Think of a cold Flow like a video you press play on privately — every viewer who presses play starts their own private screening from the beginning. A hot StateFlow is more like a live broadcast — it's playing whether or not anyone's watching, and everyone who tunes in sees the same current frame.

Collecting a cold Flow multiple times (e.g. once per recomposition without hoisting it into remembered state, or twice by accident in different composables) can trigger the producer's side effects multiple times — for instance re-running an expensive Room query or re-opening a network connection. Prefer converting shared flows to StateFlow via stateIn at the ViewModel layer rather than collecting the same cold Flow from multiple UI locations.

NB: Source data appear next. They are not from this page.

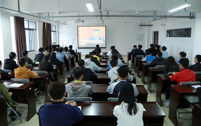 10月18日上午9时,举世瞩目的中国共产党第十九次全国代表大会在人民大会堂隆重开幕。校党委书记汪枫,党委委员、副校长胡家俊,副校长胡善风,全校科级以上干部、教研室主任、马克思主义学院教师、专兼职辅导员、学生党员代表等在逸夫图书馆二楼报告厅共同收听收看了党的十九大开幕会。
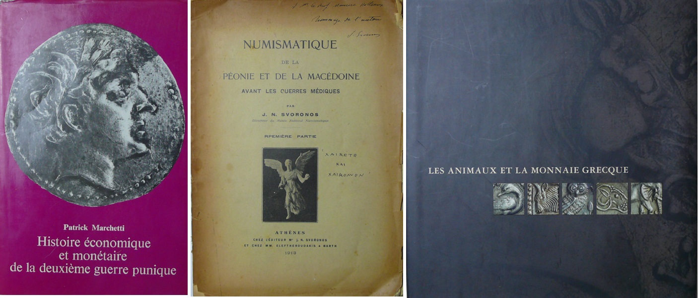 Avers : 1- Numismatique de la Péonie et de la Macédoine avant les guerres médiques, J. N. Svoronos, Athènes 1913 ; 2- Histoire économique et monétaire de la deuxième guerre punique, Patrick Marchetti ; 3- Les animaux et la monnaie grecque, Figures d’un art millénaire, Anne Demmester, 2003.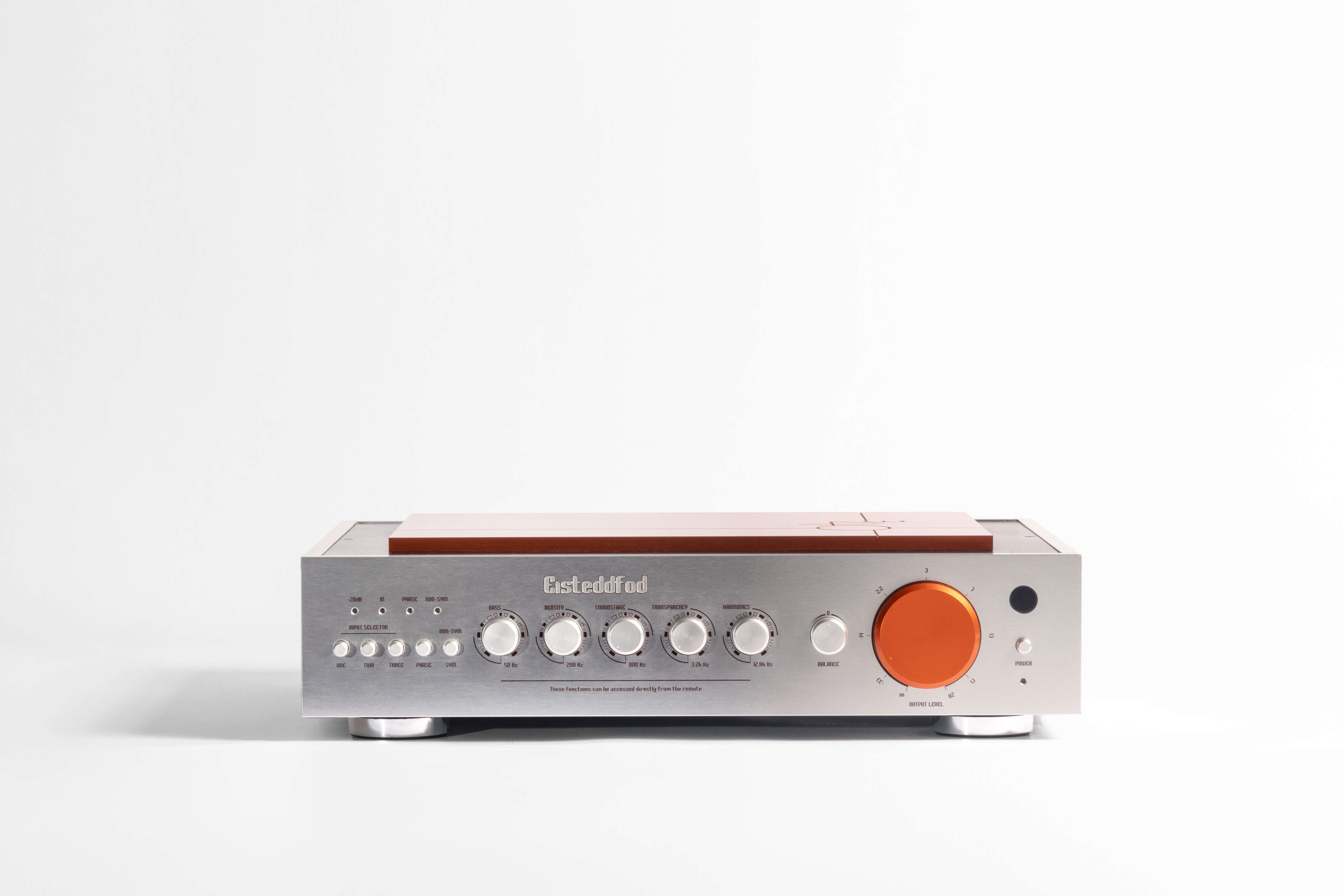 The Eisteddfod 341 Pre Amp offers a 20dB amplification with an exceptional common mode rejection ratio (CMRR) of 90dB across 20Hz to 20kHz. It features an ultra-low distortion rate of 0.005% and customizable frequency equalization at multiple points (50Hz, 200Hz, 800Hz, 3.2kHz, 12.8kHz) with a range of +/- 6dB.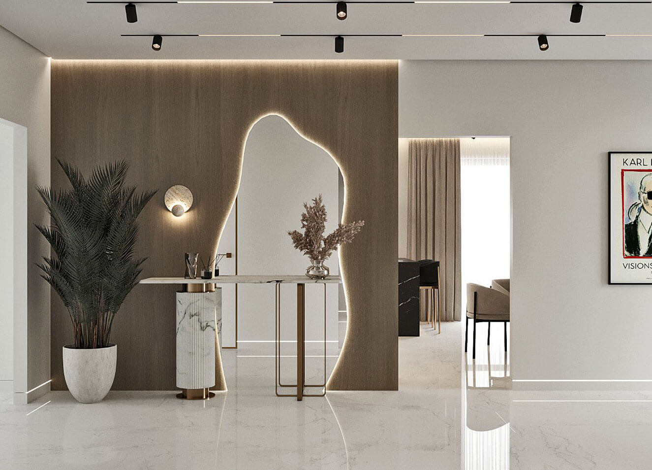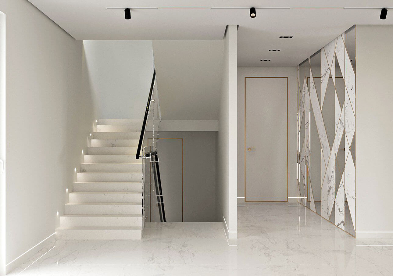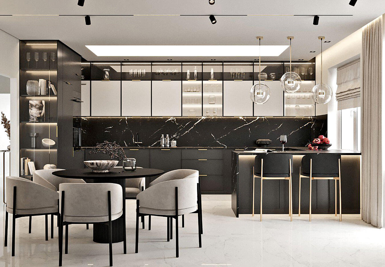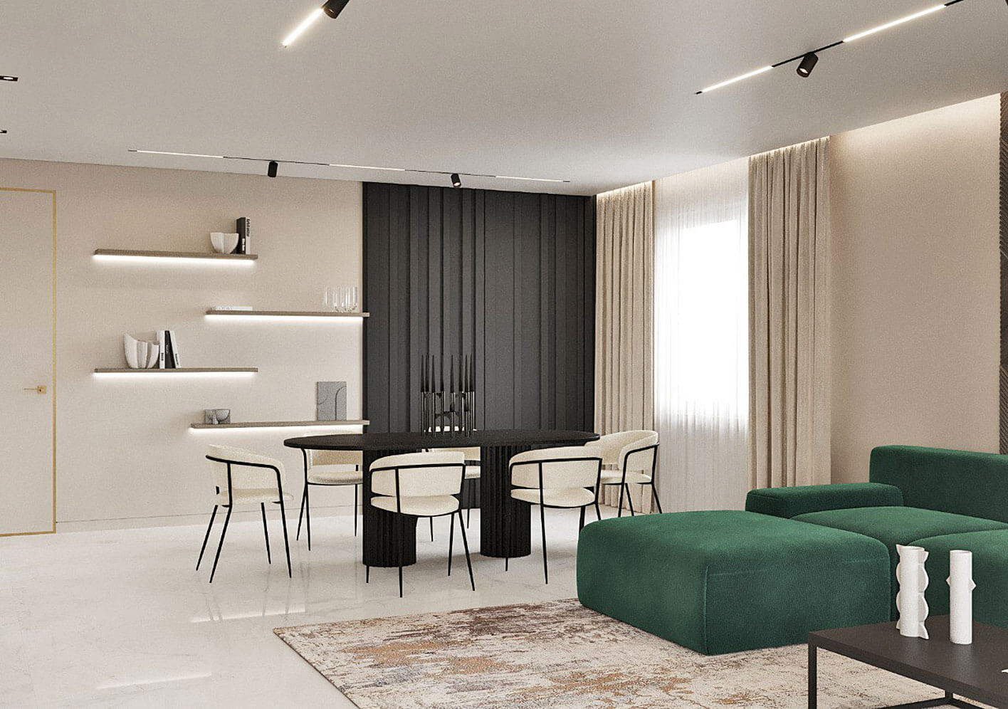 В данном проекте сочетаются брутальность заказчика с темными цветами и легкость заказчицы с элементами золота, что является частью характеристики каждого из хозяев дома.

  • Flow<T> is a cold, coroutine-based asynchronous stream that can emit multiple values sequentially over time.
  • Cold flows only run their producer code when collected; each collector triggers an independent execution.
  • Operators like map, filter, combine, flatMapLatest, and debounce transform or combine flows declaratively.
  • Room DAO queries can return Flow<T> that automatically re-emits when the underlying table changes.
  • stateIn converts a cold Flow into a hot, shared StateFlow suitable for ViewModel UI state.
  • Collecting the same cold Flow from multiple places can re-trigger expensive producer work; prefer a shared hot stream instead.